You and I may think that the Roberts Court's decision in the McCutcheon case to give obscenely rich people yet another way to buy elections is an affront to American values. But if you're a right-winger, it's a necessary bulwark against the biggest inherent risk of democracy: the possibility that citizens will actually vote.

You have to understand that that prospect terrifies the right. Right-wingers think that voters inevitably vote to give themselves the right to be more and more parasitical, until the moment arrives when society itself is unsustainable. Here's a quote that circulated widely on the right -- or, rather, recirculated, because it was already widely known in conservative circles -- back when Mitt Romney was caught saying nasty things about the 47% (things the quote circulators wholeheartedly believed):
“A democracy is always temporary in nature; it simply cannot exist as a permanent form of government. A democracy will continue to exist up until the time that voters discover that they can vote themselves generous gifts from the public treasury. From that moment on, the majority always votes for the candidates who promise the most benefits from the public treasury, with the result that every democracy will finally collapse due to loose fiscal policy...”

Alexander Fraser Tytler, Scottish lawyer and writer, 1770
If you believe this -- if you believe that the benefit-receiving, hammock-dwelling rabble just vote to take and take and take, heedless of the imminent collapse of civilization that they're bringing about, then of course you want as much money as possible in the electoral system -- it's a counterweight to the sans-culotte barbarians at the gate. Minimizing the impact of universal suffrage is vitally necessary in order to prevent the have-nots from draining the life out of the nation.

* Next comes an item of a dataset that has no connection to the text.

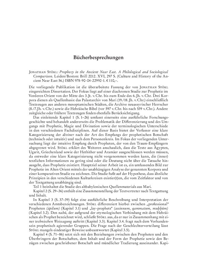 Jonathan Stökl: Prophecy in the Ancient Near East. A Philological and Sociological Comparison. Leiden/Boston: Brill 2012. XVI, 297 S. (Culture and History of the Ancient Near East 56.) ISBN 978-90-04-22992-1. € 110,–.

One way of doing this, of course, is by limiting the franchise. The Nation's Ari Berman is one of many people to see a connection between two impulses of this Court:
The Supreme Court's Ideology: More Money, Less Voting

In the past four years, under the leadership of Chief Justice John Roberts, the Supreme Court has made it far easier to buy an election and far harder to vote in one.

First came the Court's 2010 decision in Citizens United v. FEC, which brought us the Super PAC era.

Then came the Court's 2013 decision in Shelby County v. Holder, which gutted the centerpiece of the Voting Rights Act.

Now we have McCutcheon v. FEC, where the Court, in yet another controversial 5-4 opinion written by Roberts, struck down the limits on how much an individual can contribute to candidates, parties and political action committees. So instead of an individual donor being allowed to give $117,000 to campaigns, parties and PACs in an election cycle (the aggregate limit in 2012), they can now give up to $3.5 million....
Elected Republicans limit the franchise as well, of course, via voter ID laws and voter-roll purges.

This is what you do if you think democracy, left unchecked, will ultimately kill America. And that is what the right believes.